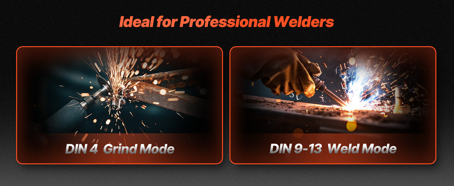 Táto zváračská prilba je vybavená nastaviteľnými úrovňami odtieňov DIN - DIN 4 (režim brúsenia) a DIN 9 - 13 (režim zvárania) - a umožňuje vám jednoducho prepínať režimy podľa rôznych úloh, čím zvyšuje efektivitu a bezpečnosť práce.
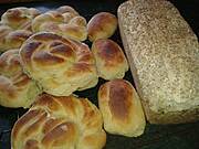 Chleb pszenny na zakwasie żytnim z siemieniem lnianym oraz bułki pszenno - kukurydziane :)
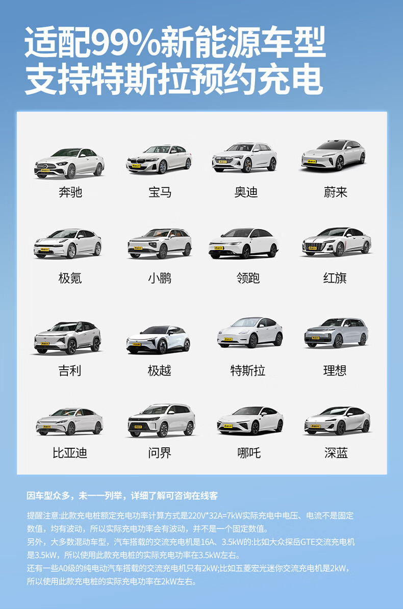 公牛充电桩枪新能源电动汽车家用交流桩7/11/21KW适用于特斯拉小鹏极氪理想华为问界奔驰小米阿维塔
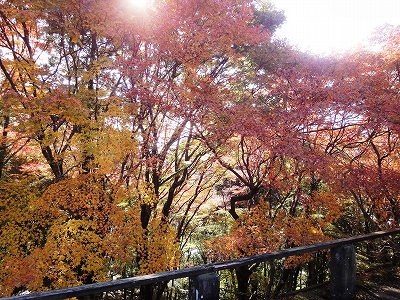 宝生寺の次は臼杵市の普現寺の紅葉を見に行きました。 ![]() 木漏れ日のトンネルの中、車を走らせた先に駐車場があります。 ![]() 駐車場の紅葉も綺麗です。 普現寺の紅葉の見頃は元々、11月の下旬なので、今年はまだ早いだろうな〜と思いながら行きましたが、思ってた以上に綺麗に紅葉してました。 ![]() ![]() ![]() 去年はすでに落ち葉のじゅうたんになっていた階段ですが、今回は色づき始め頃なので、まだまだ落ち葉は少ないです。 ![]() ![]() ![]() 階段を登りきると・・・紅葉真っ盛り。 ![]() ![]() 日の光が差し込んで葉っぱがキラキラ光って、とても綺麗です。 ![]() 境内には紅葉見晴し台があります。 ![]() 紅葉見晴し台から見た紅葉です。 ![]() ![]() ![]() ![]() ![]() ![]() ラナもうっとり見とれてます。(ホント?^_^;) ![]() 石階段の真ん中あたりから脇に入る小道があります。 ![]() ![]() 進んで行った先には大きなもみじ。 ![]() ![]() 葉っぱの隙間から光が挿して・・・まるで、切り絵のようです。 ![]() さあ、紅葉をいっぱい堪能したら、ぼちぼち戻りましょうか。 ![]() ![]() ![]() 普現寺の紅葉は今週あたりが見頃になりそうです。 (この日も十分、見応えはありましたが・・・) ![]() 紅葉時期の後半は階段を落ち葉が埋め尽くします。 当然、その頃は木々の葉は少なくなりますが、落ち葉の紅葉観賞も趣があって、なかなかGoodですよ。 普現寺から延岡へは、10号線で帰った方が近いのですが、時間もまだ余裕があったので、いつものT-Shopでソフトを食べて帰ることにしました。 ![]() ソフトとコーヒーを買って、休憩です。 ![]() ラナ「わたしのソフトはどれでしか??」 (ラナのソフトはありません!(爆)) ![]() キャンディ「ラナのソフトはなくても、わたしのソフトはあるわけよね!」 (いえ、キャンディのソフトもありません。(爆)) 11月最後の土曜日でしたが、こうして外でソフトを食べることができるくらいあったかくて、しかも青空。とてもついてる紅葉狩りになりました。 リベンジ成功ってとこですね。(^_-)-☆ |

____

Write every line above out again exactly; pictures do not belong in the copy.

(Finished task):
 Táto zváračská prilba je vybavená nastaviteľnými úrovňami odtieňov DIN - DIN 4 (režim brúsenia) a DIN 9 - 13 (režim zvárania) - a umožňuje vám jednoducho prepínať režimy podľa rôznych úloh, čím zvyšuje efektivitu a bezpečnosť práce.
 Chleb pszenny na zakwasie żytnim z siemieniem lnianym oraz bułki pszenno - kukurydziane :)
 公牛充电桩枪新能源电动汽车家用交流桩7/11/21KW适用于特斯拉小鹏极氪理想华为问界奔驰小米阿维塔
 宝生寺の次は臼杵市の普現寺の紅葉を見に行きました。 ![]() 木漏れ日のトンネルの中、車を走らせた先に駐車場があります。 ![]() 駐車場の紅葉も綺麗です。 普現寺の紅葉の見頃は元々、11月の下旬なので、今年はまだ早いだろうな〜と思いながら行きましたが、思ってた以上に綺麗に紅葉してました。 ![]() ![]() ![]() 去年はすでに落ち葉のじゅうたんになっていた階段ですが、今回は色づき始め頃なので、まだまだ落ち葉は少ないです。 ![]() ![]() ![]() 階段を登りきると・・・紅葉真っ盛り。 ![]() ![]() 日の光が差し込んで葉っぱがキラキラ光って、とても綺麗です。 ![]() 境内には紅葉見晴し台があります。 ![]() 紅葉見晴し台から見た紅葉です。 ![]() ![]() ![]() ![]() ![]() ![]() ラナもうっとり見とれてます。(ホント?^_^;) ![]() 石階段の真ん中あたりから脇に入る小道があります。 ![]() ![]() 進んで行った先には大きなもみじ。 ![]() ![]() 葉っぱの隙間から光が挿して・・・まるで、切り絵のようです。 ![]() さあ、紅葉をいっぱい堪能したら、ぼちぼち戻りましょうか。 ![]() ![]() ![]() 普現寺の紅葉は今週あたりが見頃になりそうです。 (この日も十分、見応えはありましたが・・・) ![]() 紅葉時期の後半は階段を落ち葉が埋め尽くします。 当然、その頃は木々の葉は少なくなりますが、落ち葉の紅葉観賞も趣があって、なかなかGoodですよ。 普現寺から延岡へは、10号線で帰った方が近いのですが、時間もまだ余裕があったので、いつものT-Shopでソフトを食べて帰ることにしました。 ![]() ソフトとコーヒーを買って、休憩です。 ![]() ラナ「わたしのソフトはどれでしか??」 (ラナのソフトはありません!(爆)) ![]() キャンディ「ラナのソフトはなくても、わたしのソフトはあるわけよね!」 (いえ、キャンディのソフトもありません。(爆)) 11月最後の土曜日でしたが、こうして外でソフトを食べることができるくらいあったかくて、しかも青空。とてもついてる紅葉狩りになりました。 リベンジ成功ってとこですね。(^_-)-☆ |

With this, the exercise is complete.